# install de .hqx



## Membre supprimé 2 (9 Juin 2000)

Bonjour, etant novice dans les mac,
comment installer netscape 
récuperé sur un cdrom ou le fichier est un .hqx, 
quand je clique dessus il me demande avec quelle appli je veux l'ouvrir , idem pour le .bin 
alors que c directement recuperer à partir du site de netscape

petite indication (je le telecharge et grave l'appli à partir d'un PC)

faut il  un decompacteur
sachant que sur la machine je n'ai rien pour decompacter donc pas de BinHex decoding utility et que je n'ai qu'un pc connecté au net

bonjour l'angoisse

Please HELP

Merci d'avance


----------



## szamcha (9 Juin 2000)

oui, il faut un décompacteur... 
Stuffit expander par exemple qui doit déjà se trouver sur ta machine


----------



## JackSim (9 Juin 2000)

Le logiciel qu'il te faut pour décoder tous les fichiers compressés ou encodés venant d'internet est le freeware StuffIt Expander.

Le problème est que si tu le télécharges, tu ne pourras de toute façon pas le décoder lui-même et donc tu ne seras pas plus avancé.

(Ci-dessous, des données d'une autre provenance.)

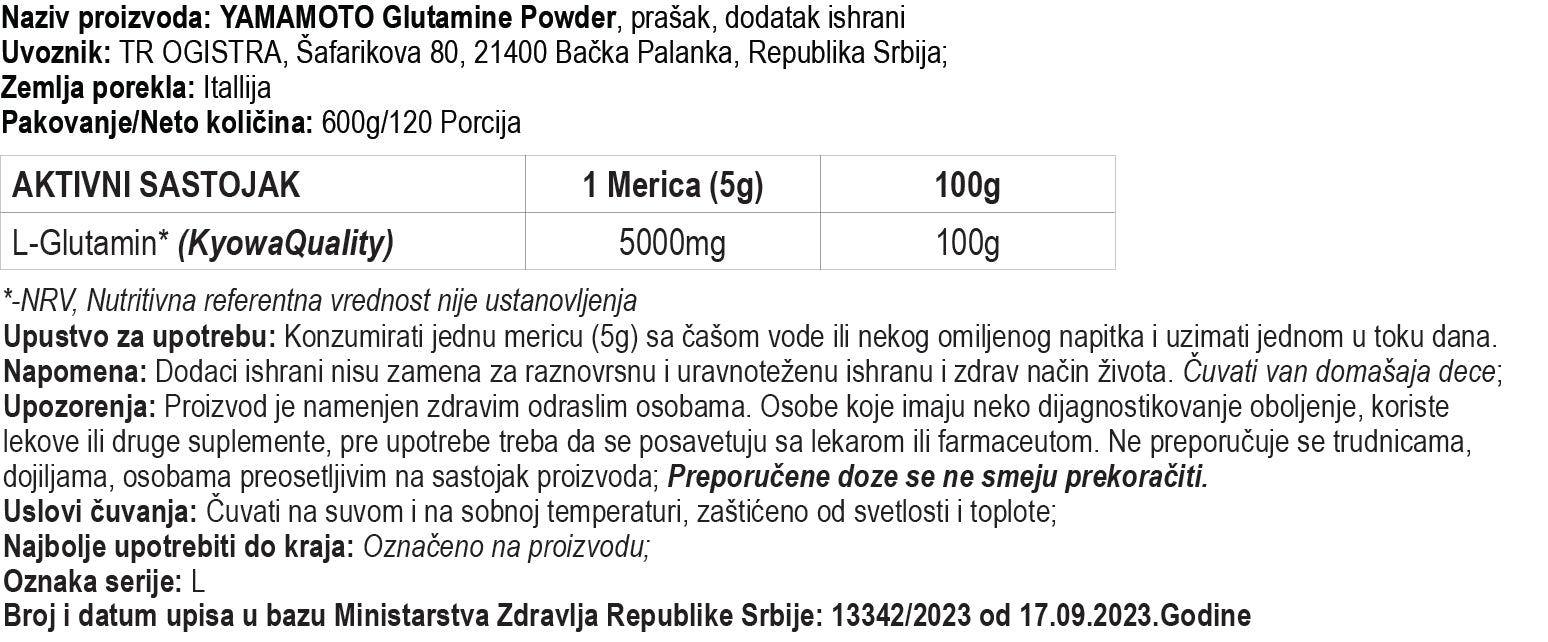 Yamamoto Glutamine Powder je osnovni suplement za regeneraciju i jačanje imuniteta. Lako se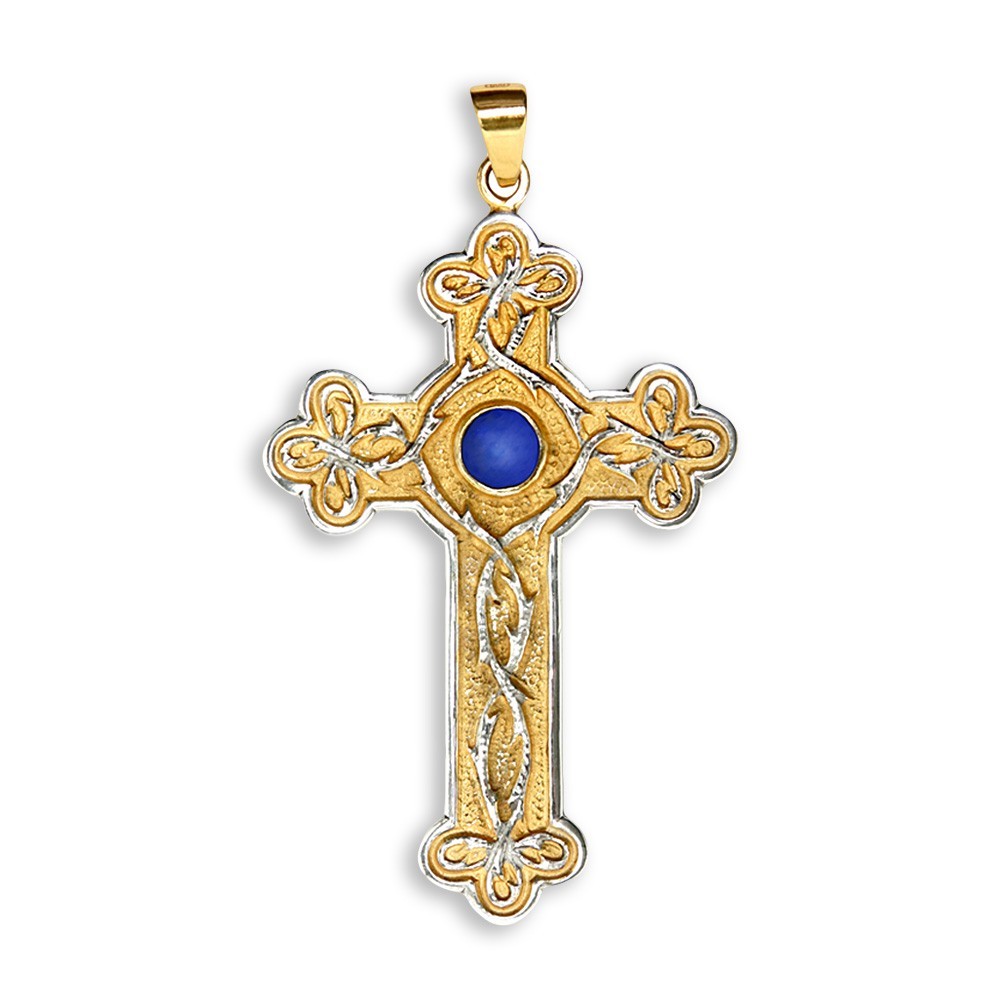 925 sterling silver pectoral cross with a blue stone placed at the center. Measures 10x6 cm.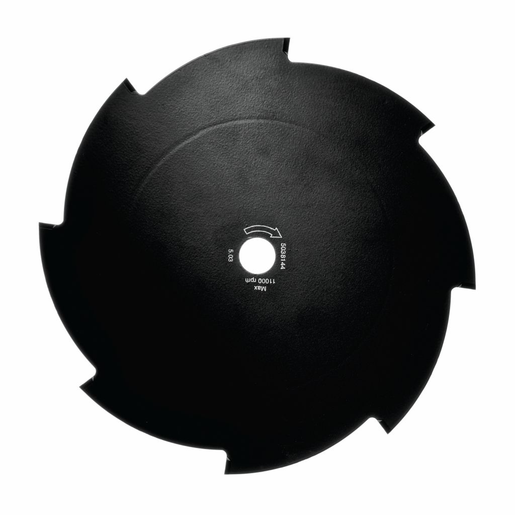 8-tands græsklinge er velegnet til tæt græs, men ikke til træagtige vækster. Græsset falder på klingen og laver pæne rækker. Ø250mm 1" hul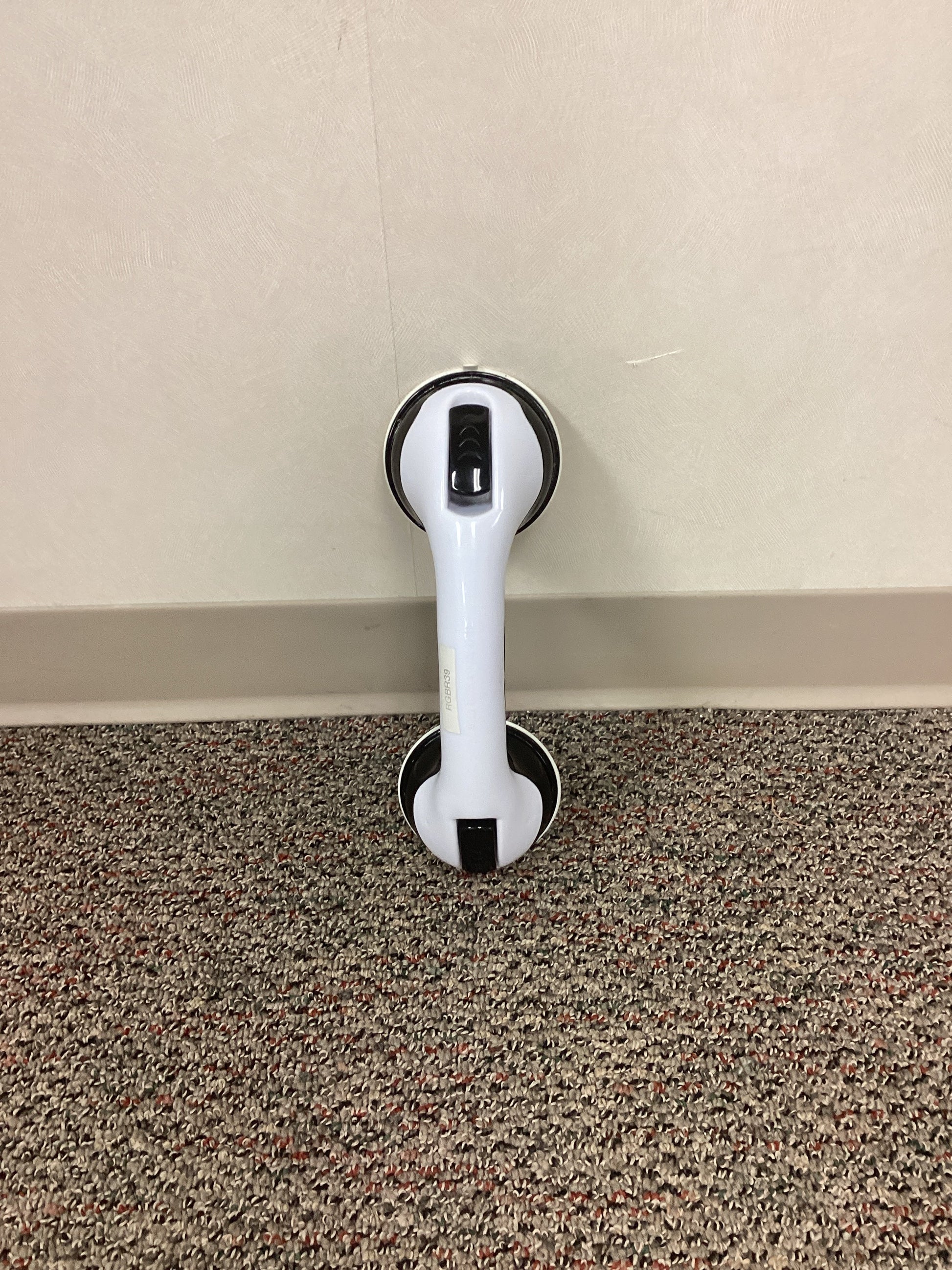 Black/white grab bar with suction grip (no brand listed). This grab bar is 11" long and the suction cups are 4" in diameter.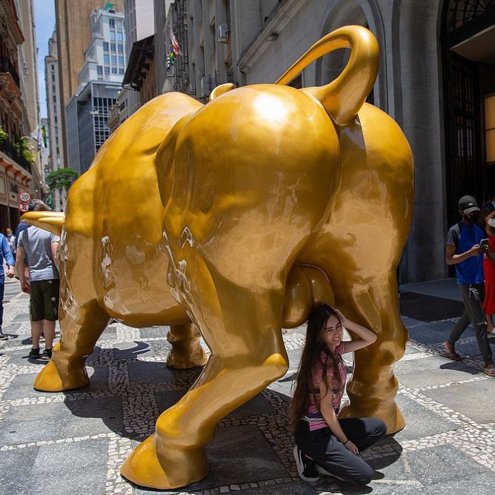 A Bolsa de Valores de São Paulo – que desde 2017 parece atender por “B3” – inaugurou, na última terça-feira (16), uma escultura de um gigantesco touro dourado na calçada diante de seu edifício, no centro da capital. A obra seria uma referência àquela existente em Nova York, próxima a Wall Street e símbolo do mercado financeiro em sua metrópole mais representativa. Segundo aquela que outrora se chamava Bovespa, a obra “simboliza o mercado financeiro e a força do povo brasileiro” e “representará especialmente as características da população brasileira”. Para o presidente da “B3”, Gilson Finkelsztain, “o Touro de Ouro representa a força e a resiliência do povo brasileiro. A B3 está trazendo esse novo símbolo para valorizar não apenas o centro de São Paulo, mas o desenvolvimento do mercado de capitais do Brasil”.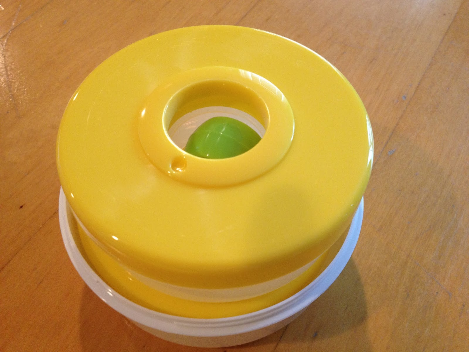 另外, 朋友也送一個Baby Brezza的嬰兒外帶便當盒/儲存盒, 也是BPA free, 綠色的是隨身湯匙, 像甜甜圈的盒蓋上面有個小圓洞, 裡面有數字, 可以轉到食物做的日期, 這樣就不會忘記食物是哪一天做的啦!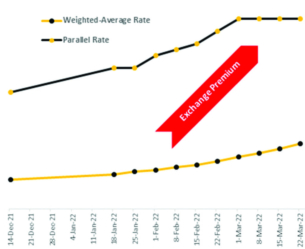 Over the annual break between December 2021 and January 2022, the parallel exchange rate shed over 30% taking the premium to levels close to 100%.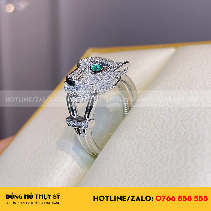 Nhẫn Cartie Đầu Báo Vàng 18K Lục Bảo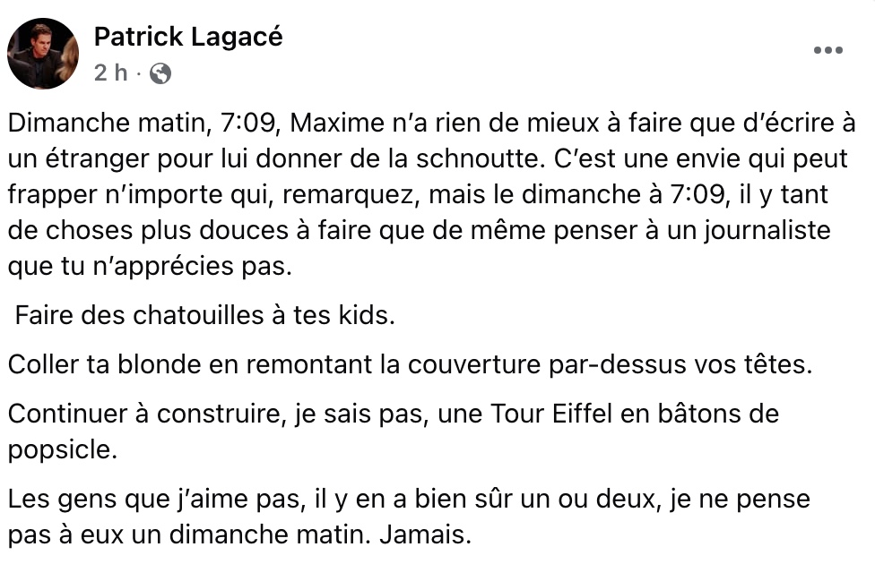 La réponse de Patrick Lagacé à un message privé insultant a rapidement attiré l’attention, non pas par sa virulence, mais par l’ironie calme et réfléchie qui la traverse. Interpellé par un certain Maxim qui lui a écrit « Sérieux t’es mauvais en tbk », le journaliste a choisi de rendre l’échange public en publiant la photo de l’expéditeur et son message, accompagné d’un texte à la fois cinglant et presque mélancolique.

Essaie de le trouver sur un CD-Rom de magazine.

Autrement, StuffIt existe aussi pour PC, essaie de décoder/décompresser les fichiers sur le PC avant de graver...



------------------
*JackSim*
lede.ch


----------



## ficelle (9 Juin 2000)

oui, oui...
mais alladin.sys propose quand meme une version autoextractible de stuffit lite sur son site.
a+


----------